ACTIVITY:
With the pictures removed, please write out every line below exactly as given.

INPUT DATA:
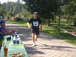 Jürgen läuft ins Ziel, vorbei am Bier |
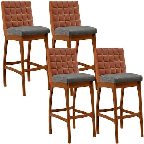 ndo muita excelência, o Kit 04 Banquetas Altas Sala De Jantar Fixa Mila B04 Couríssimo Camel Linho Cinza Escuro - Lyam Decor é o complemento que faltava para deixar sua casa ainda mais extraordinária. Seu encosto com costura em padrão quadriculado e assento estofados, centralizam em si uma graciosidade estonteante, sem perder todo o conforto. A estrutura em madeira, na cor nozes, também é digna de notoriedade, por imprimir bastante personalidade a sua decoração. Vale ressaltar ainda, o apoio para os pés que garante maior à banqueta.
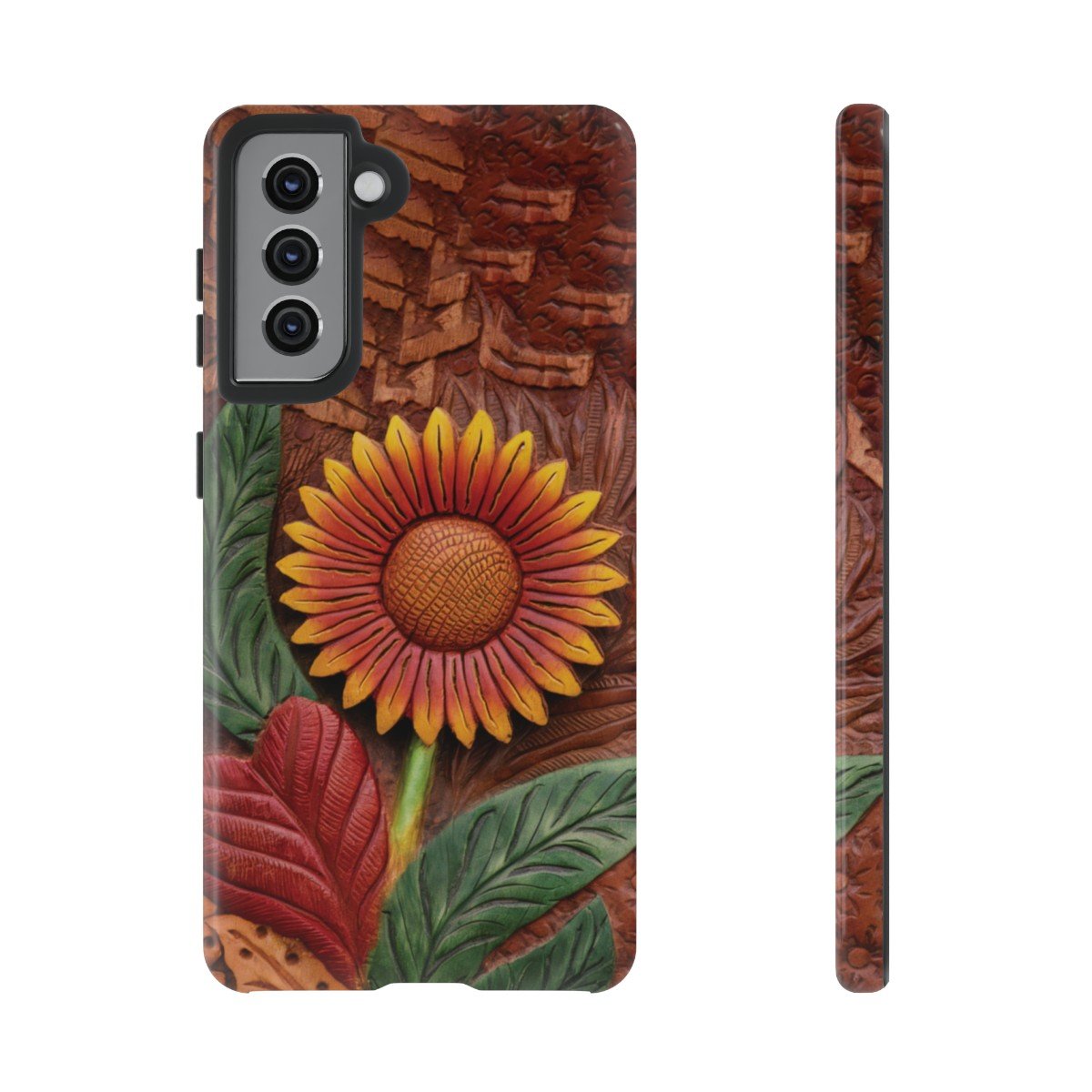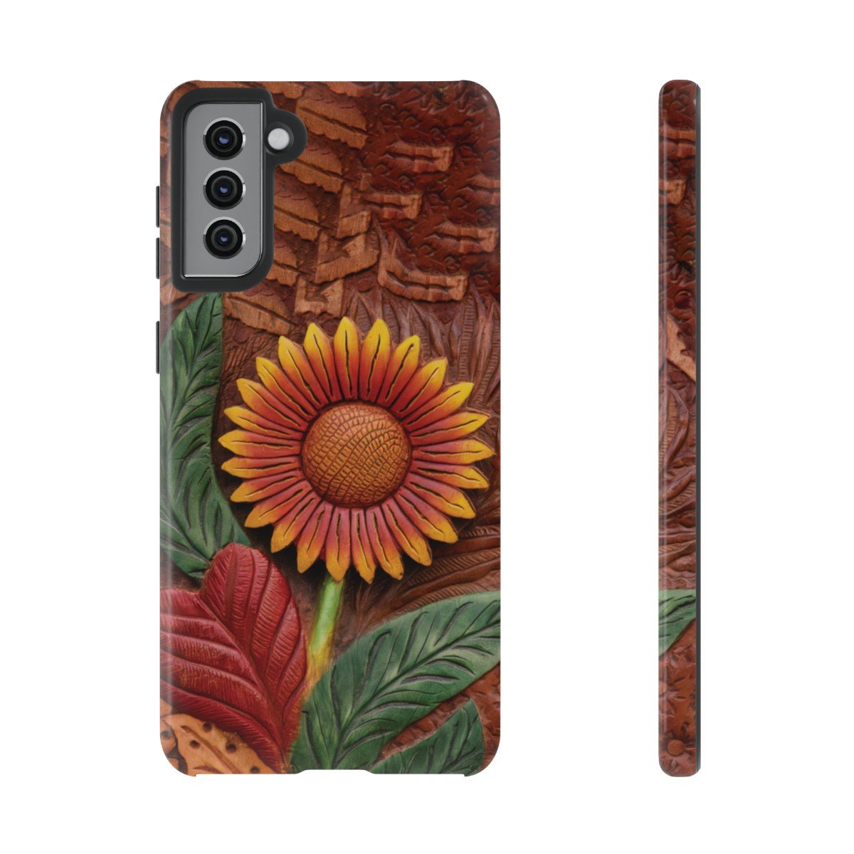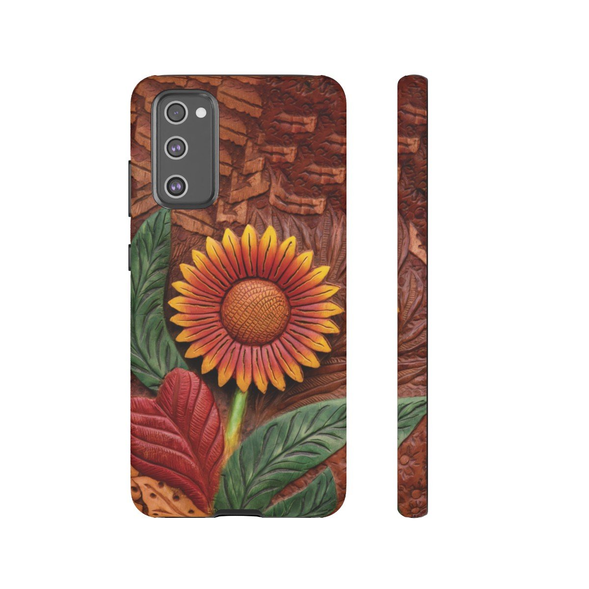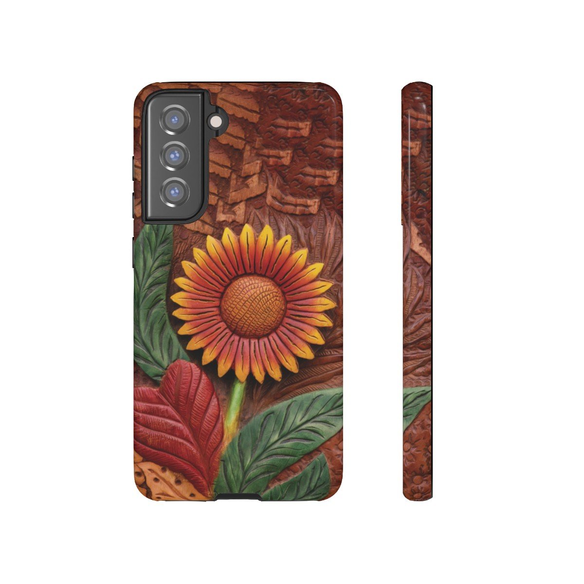 DESIGN: A beautiful hand tooled leather look on this print of a colorful Sunflower. Colors are yellow, orange, red, brown, and green. These have the look of texture and 3D but this is a print only, the phone case will be smooth.  We hope you love it! Super fresh design and also very cheerful to look at.

SOLUTION TO THIS PROBLEM:
 Jürgen läuft ins Ziel, vorbei am Bier |
 ndo muita excelência, o Kit 04 Banquetas Altas Sala De Jantar Fixa Mila B04 Couríssimo Camel Linho Cinza Escuro - Lyam Decor é o complemento que faltava para deixar sua casa ainda mais extraordinária. Seu encosto com costura em padrão quadriculado e assento estofados, centralizam em si uma graciosidade estonteante, sem perder todo o conforto. A estrutura em madeira, na cor nozes, também é digna de notoriedade, por imprimir bastante personalidade a sua decoração. Vale ressaltar ainda, o apoio para os pés que garante maior à banqueta.
 DESIGN: A beautiful hand tooled leather look on this print of a colorful Sunflower. Colors are yellow, orange, red, brown, and green. These have the look of texture and 3D but this is a print only, the phone case will be smooth.  We hope you love it! Super fresh design and also very cheerful to look at.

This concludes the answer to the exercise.